Felz’s fleshy lower lip protruded sullenly, a foamy dab of spit collecting in its vermilion zone.
“Your brother and I met at MIT,” Felz said. “He didn’t have to apply, of course; his reputation allowed him to waltz on in. I soon discovered that Clayton wasn’t so much driven as pathological. The man doesn’t sleep.”
It was true that as Clayton hit adolescence, sleep had become nonessential. He’d been up at all hours, squirreled down in his basement lab at twelve years old. He’d stopped going to school by then; he’d been granted an exemption when it became clear that his knowledge outstripped that of his teachers—the equivalent of forcing a piano prodigy to take lessons from a dotty church organist.
“What your brother was doing even before he arrived at MIT was astounding,” Felz said. “Were you on hand to see what he did with that mouse?”

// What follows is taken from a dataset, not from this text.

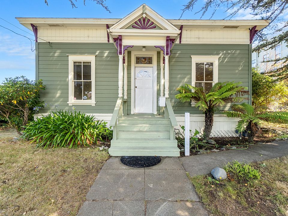 Charming Victorian on quiet Clark Street in the heart of town. This 2-bedroom, 1-bath home offers bright living spaces, a window-lined dining room, and a vintage clawfoot tub. The kitchen retains its classic character, complemented by a full-size laundry room, pantry, and a new hot water heater. Enjoy a fully fenced yard with alley access, plus a garage and storage shed for added convenience. A perfect blend of historic charm and everyday function!

Of course Luke remembered the mouse…
Ernie. The mouse’s name was Ernie. Clay named all of his mice—a grisly fixation, considering their fates. Clayton had heard about this anesthesiologist, a Dr. Charles Vacanti, who’d grafted a human ear onto a mouse’s back; the “ear” was cartilage grown by seeding cow cartilage cells into a biodegradable ear-shaped mold, which was then implanted under the mouse’s skin.